MELBOURNE, Australia, Jan. 18, 2023 (GLOBE NEWSWIRE) -- Incannex Healthcare Limited (Nasdaq: IXHL) (ASX: IHL), (‘Incannex’ or the ‘Company’), a pharmaceutical company developing proprietary medicinal cannabinoid products and psychedelic medicine therapies for unmet medical needs, is pleased to announce that the PsiGAD1 clinical trial, designed to assess Incannex’s psilocybin-assisted psychotherapy for the treatment of generalised anxiety disorder (“GAD”), has achieved its interim milestone of 29 patients completing primary endpoint assessments. Independent analysis of the interim study data has commenced.

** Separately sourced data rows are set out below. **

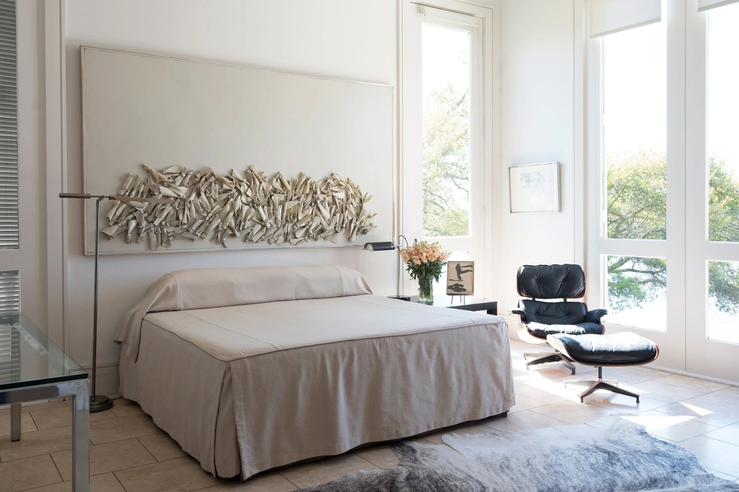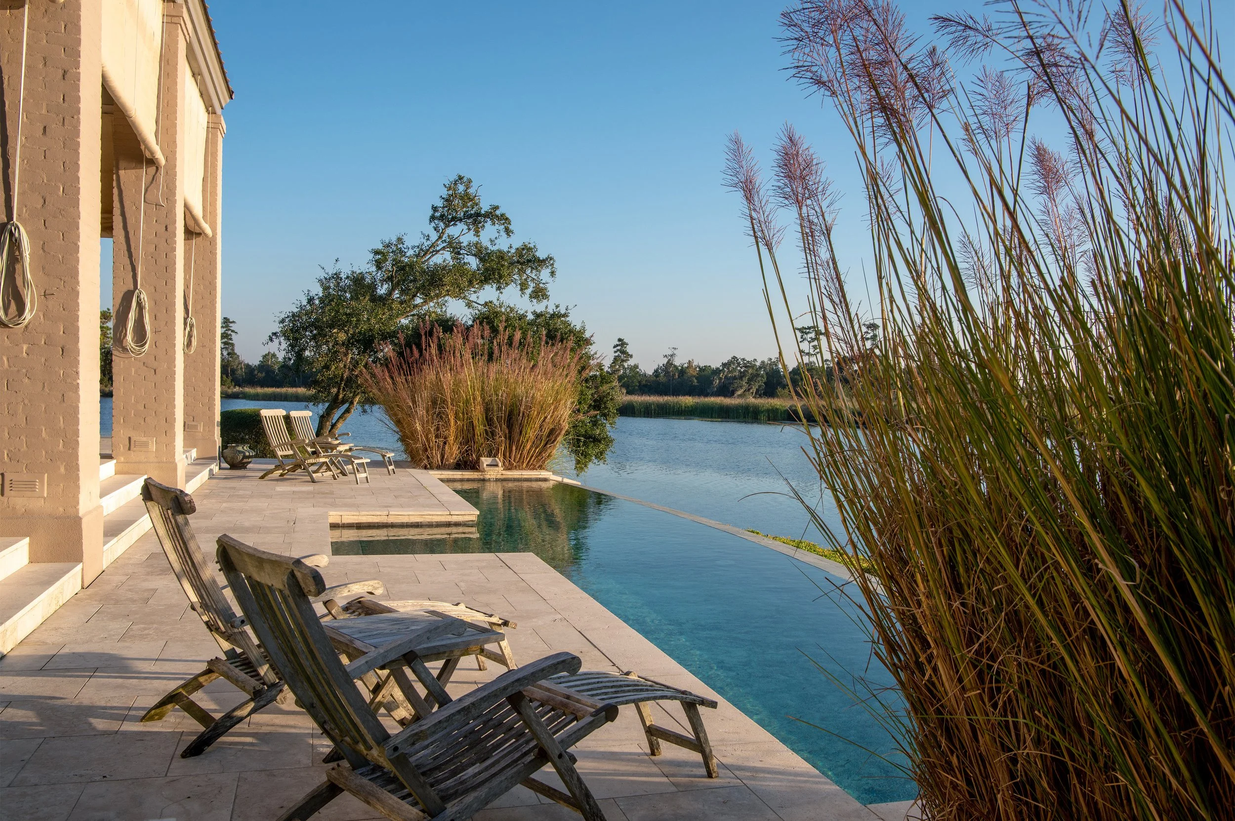 Designed for an artist, this 2,500-square-foot residence offers a modern reinterpretation of southern Louisiana’s vernacular architecture. Set on a peninsula with expansive views of the bayou, marshlands, and abundant wildlife, the tall one-story home blends steep-roofed Creole influences with minimalist materials and broad glass walls. The result is a design that maximizes natural light, openness, and connection to the surrounding landscape, enhanced by an artesian pond, lap pool, and carefully curated furnishings.
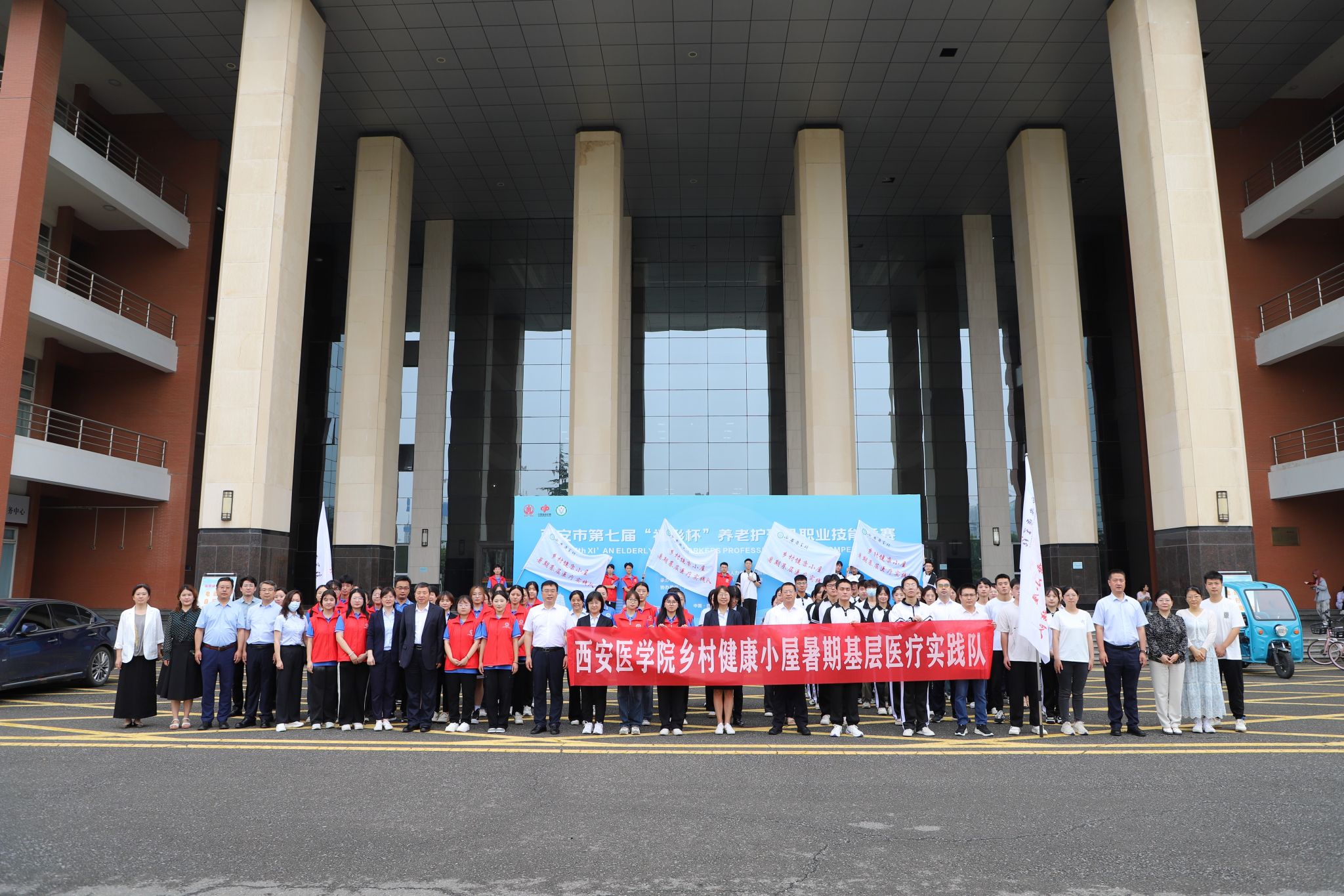 7月10日上午,我校首届“乡村健康小屋”暑期实践活动出征仪式在图书馆前举行。校党委副书记、校长巩守平,第一附属医院院长于照祥,第二附属医院院长赵海康,全科医学院党总支书记杨西萍出席仪式。仪式由医院发展管理处处长王胜昱主持。全科医学院2350班张壹格、麻醉2211班王赫雨两位同学作为实践活动学生代表发言,并表示暑期实践活动是青年学子走出校园、深入基层、感知国情、服务社会的重要桥梁,他们将用内心感应时代脉搏,....
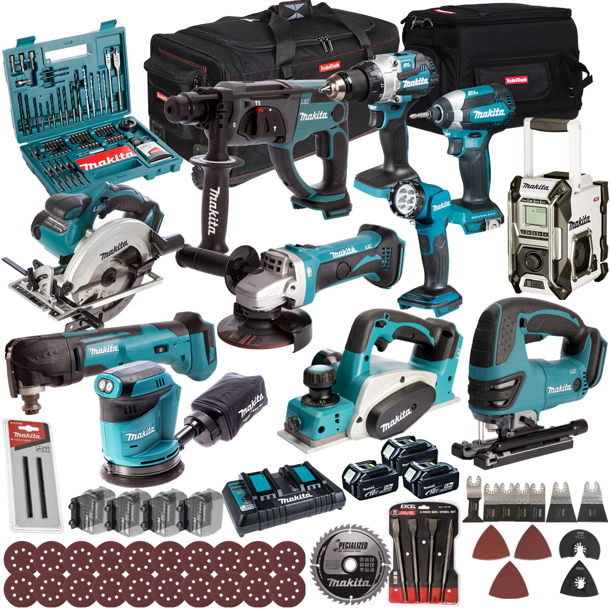 Makita 18V 11 Piece Combo Kit with 3 x 5.0Ah Battery Charger & Accessories Set T4TKIT-17224

Treatment of GAD with currently accepted medications and therapies remains inadequate, with less than half of patients achieving remission. Psilocybin-assisted psychotherapy has shown promise in the treatment of several mental health conditions. PsiGAD1 was developed in collaboration with Dr Paul Liknaitzky, Head of the Clinical Psychedelic Lab at Monash University and a member of the Incannex scientific advisory board. The trial is designed to assess the safety and efficacy of the Company’s unique psilocybin program in an active placebo-controlled study. The 10-week treatment program includes two dosing sessions with either psilocybin or active placebo. Safety, efficacy, quality of life, and other aspects of mental and physical health are assessed.

The study is being conducted at Monash University’s BrainPark under the leadership of Dr Liknaitzky, alongside co-investigators Professor Suresh Sundram (Head of the Dept of Psychiatry, Monash) and Professor Murat Yücel (Director of BrainPark). Dr Liknaitzky has recruited a team of experienced and qualified clinicians and researchers to undergo specialist training, and deliver and assess the treatment.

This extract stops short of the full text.